Wakiso Hills Women Football Club
- Nickname: The Antelopes
- Founded: 2010
- Stadium: St. Mary's
- Capacity: 15,000
- Chairman: Wilber Shaka
- League: FUFA Women Super League
- 2024/2025: 12th (Relegated)

= Wakiso Hills Women Football Club =

Ugandan women's association football club

Wakiso Hills Women Football Club, also known as "The Antelopes", is a professional women's football club competing in the FUFA Women Super League. They are located in the Maya Wakiso District of Uganda.

Wilber Shaka is the current club president.

== History ==
Wakiso Hills WFC was founded in 2010 as a "Girls School Team" and they are one of the pioneer clubs of the FUFA Women Elite League.

Antelopes played in the FUFA Women Elite League in 2014/2015 During 2015/2016, the second edition of the FUFA Women Elite League kicked off, and the host (Wakiso Hills WFC) were defeated by London Collage Nansana 2-0 at the Wakiso district headquarters playgrounds on 7 November 2015.

The Antelopes entered into Partnership with Vipers SC as their sole Men's football club They will be the official women's team in all CAF, FUFA, and FIFA engagements. The Antelopes will retain their property rights and brand image but will have to corroborate with the Vipers Sports Clubs in terms of technical development, marketing, and club infrastructure.
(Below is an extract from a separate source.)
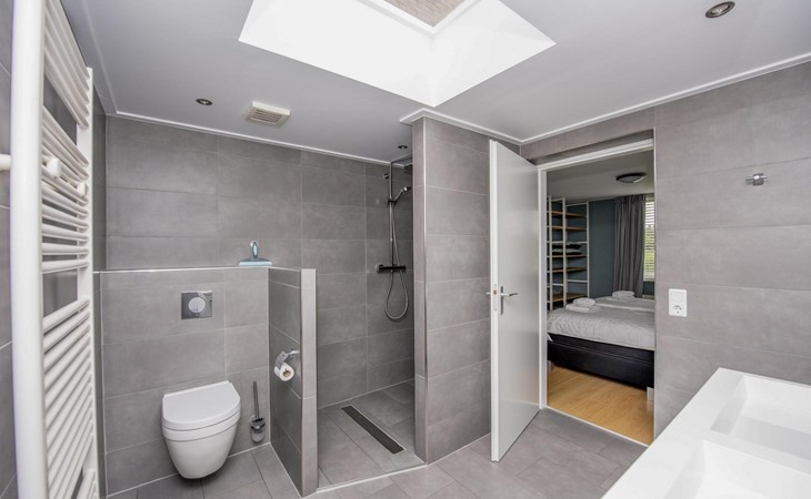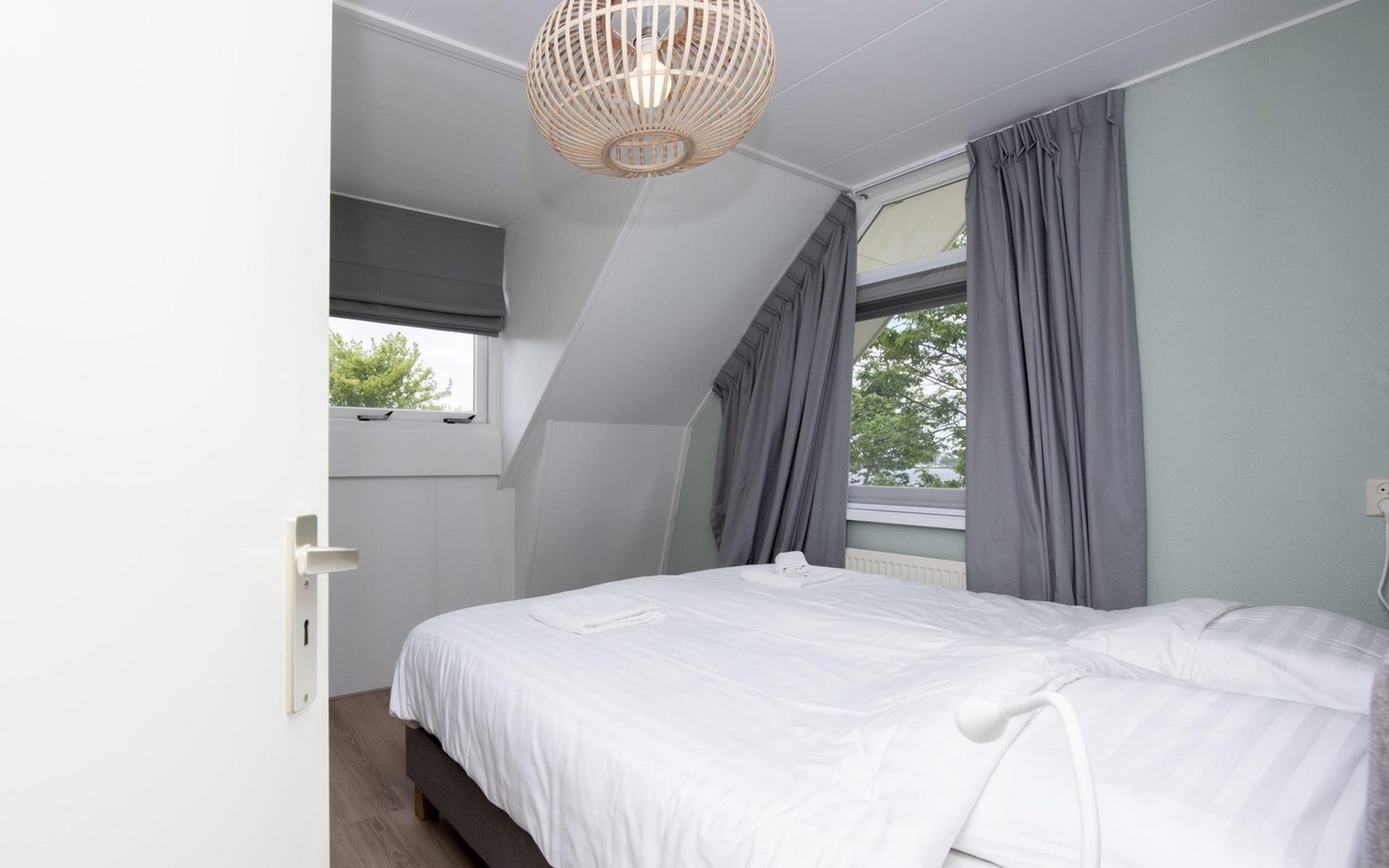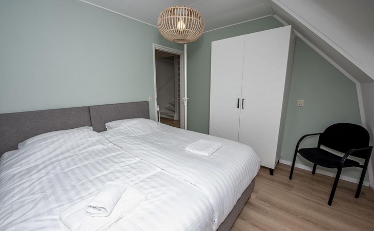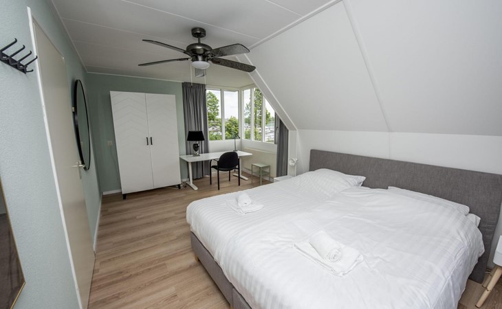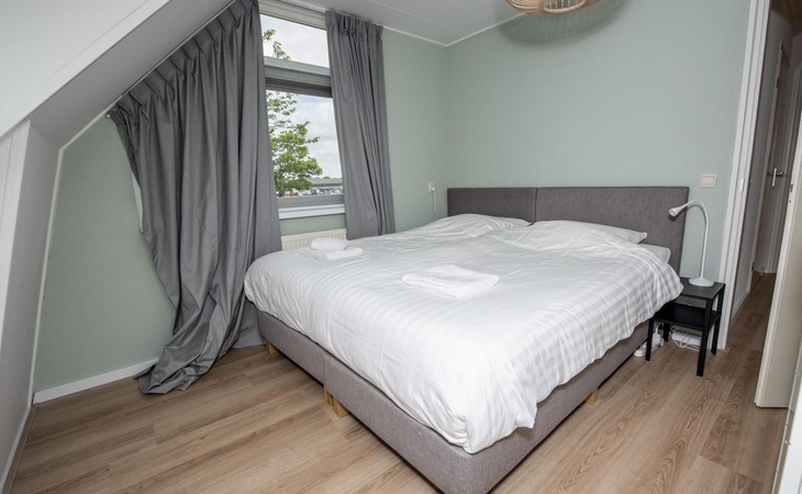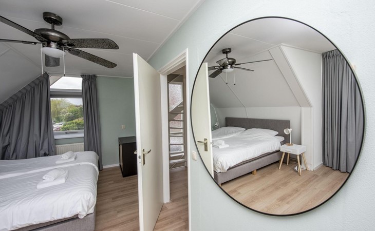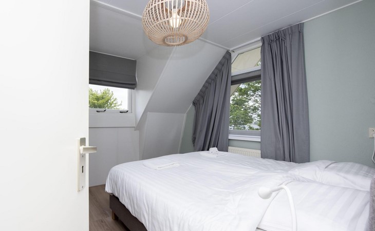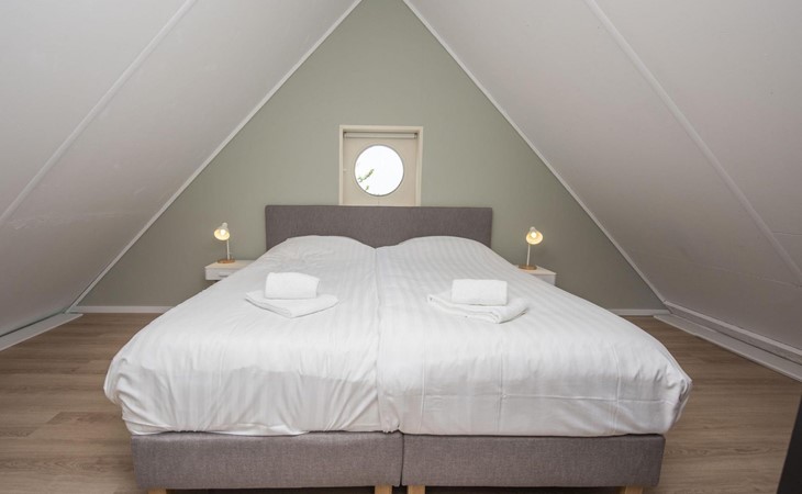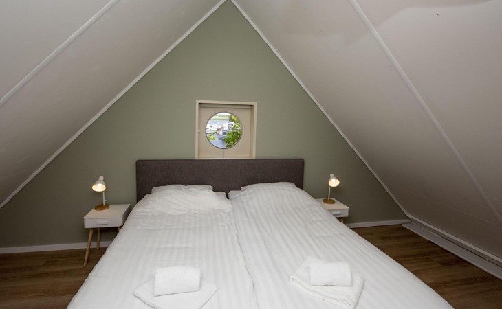 In de accommodatie zijn 4 slaapkamers met ruimte voor 8 personen. De eerste slaapkamer is gelegen op de begane grond. Door middel van een aanbouw is een ruime slaapkamer gecreëerd met hieraan een ensuite badkamer. De slaapkamer is voorzien van een boxspring tweepersoonsbed (180x200cm) en compleet ingericht met nachtkastjes, bedlampjes en een ruime kast om kleding op te bergen. De aangrenzende badkamer (7,5m2) is ingericht met een wastafelmeubel met dubbele kraan, inloopdouche met regendouche, een extra toilet en een designradiator. Via de woonkamer kom je via een deur bij de trap naar de eerste etage, hier is tevens het toilet te vinden. Op de eerste etage zijn nog eens 2 slaapkamers en een badkamer te vinden. Alle slaapkamers zijn voorzien van een tweepersoons boxspring met ieder twee nachtkastjes, bedlampjes en een kledingkast. Een van de slaapkamers op de eerste verdieping heeft zelfs een fijn bureau waardoor je in deze vakantiewoning ook heerlijk rustig kan werken en dit met vakantie kan combineren. De tweede badkamer (6m2) met een royaal hoekbad, wastafelmeubel en losse douchecabine bevat ook nog een extra toilet. Via de open trap kom je bij de derde slaapkamer op de zolder van de woning met wederom een tweepersoons boxspring, nachtkastjes en bedverlichting, hier is het heerlijk slapen onder het puntdak en het bijzondere ronde raam geeft een uniek doorkijkje op het Sneekermeer.

The Antelopes secured their entry to the 2024/2025 FUFA Women Super League after defeating the She Maroons 1-0. The winning goal was scored by Patricia Naiga, securing second position in the FUFA Elite League 2022/2023.
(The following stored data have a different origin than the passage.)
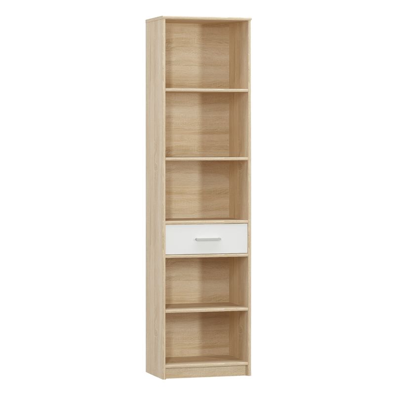 Regál z laminovanej DTD vo farebnom prevedení biela a dub sonoma. Poskytuje úložný priestor v podobe jedného šuplíka a piatich otvorených políc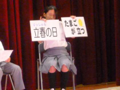 1年生の学年劇は「たまごの立つ話」という題です。
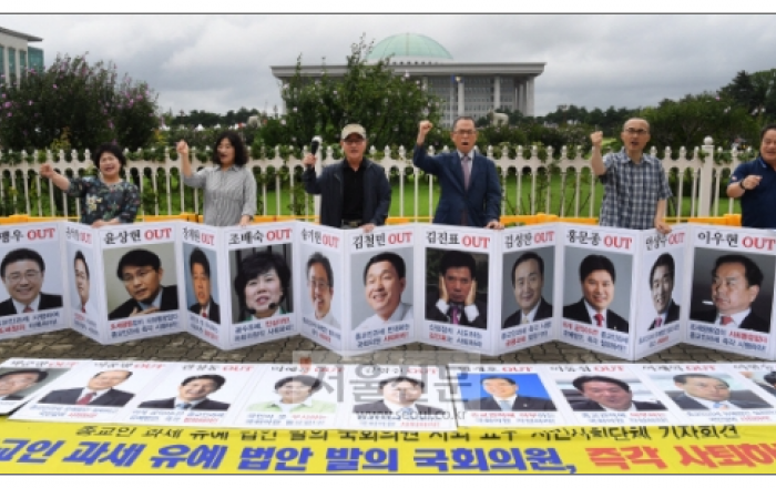 “종교인 과세 유예법안 발의 국회위원들은 사퇴하라”종교자유정책연구원 납세자연맹 등 사퇴요구 기자회견리얼미터 여론조사 “78.1%가 과세 찬성, 반대는 14.2% 종교자유정책연구원과 한국납세자연맹과 등 시민사회단체 회원들이 24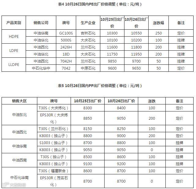 PE:今日国内PE市场价格盘整为主,中石化出厂价格较平稳,中油华南低压部分牌号涨幅在200元/吨,高压和线性小幅整理为主。早间中石油部分牌号出厂价上调,期货震荡下行,月底市场部分货紧,商家谨慎追高,下游谨慎观望,刚需采购,少数现货市场成交火热。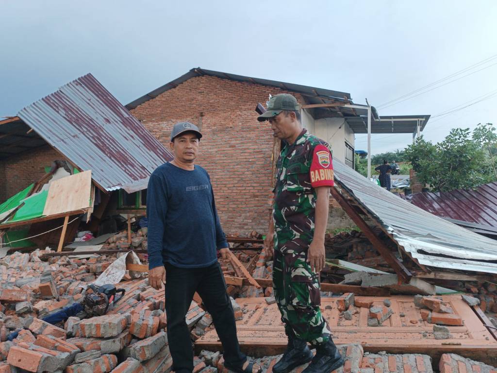 Angin kencang yang melanda wilayah tersebut menyebabkan sejumlah rumah warga mengalami kerusakan pada bagian atap dan dinding serta menimbulkan kerugian materil. Babinsa Koramil 13/AN Serma Samun langsung turun ke lapangan membantu membersihkan puing-puing, memperbaiki bagian rumah yang rusak, serta memberikan dukungan moril agar warga tetap tegar dan semangat.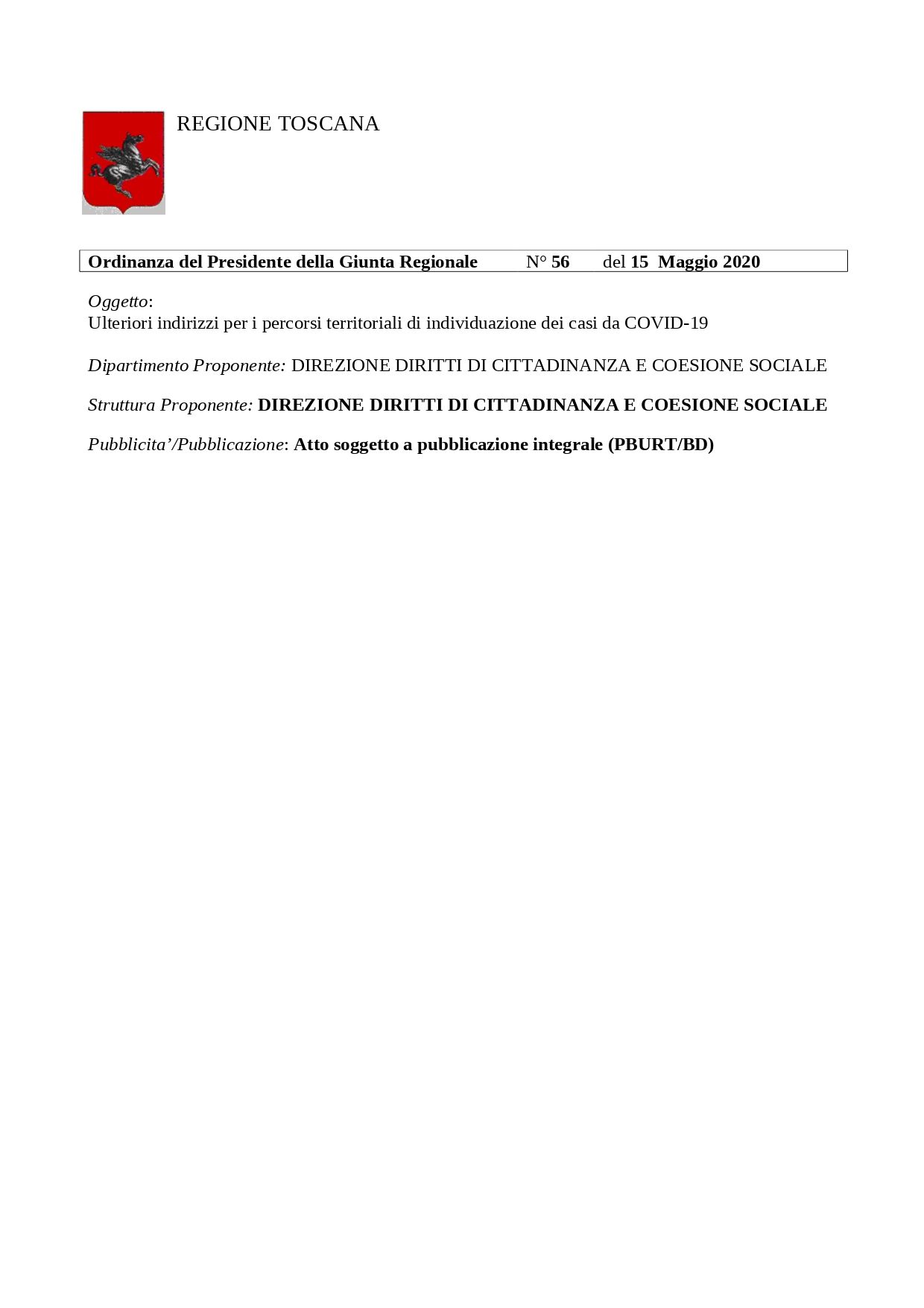 Qua l’ordinanza numero 56 del 15 Maggio 2020 già scaricata

In October 2023, Wakiso Hills unveiled new players, which included Fatumah Nakasumba, Rashidah Nankya, Zaitun Namaganda, Teopista Apino, Phoebe Banura, Maureen Kimono, Esther Namaganda, Prossy Nashipond and Bakkitta Amina.

Management announced the replacement of Coach Kamya Swaleh by Rogers Nkugwa, who joined the Club on a one-year contract. Umar Kassjagwe and Coach Trevor as his assistants, Mathew Lumu as the Fitness coach and Eric Kiggundu as their Physiotherapist.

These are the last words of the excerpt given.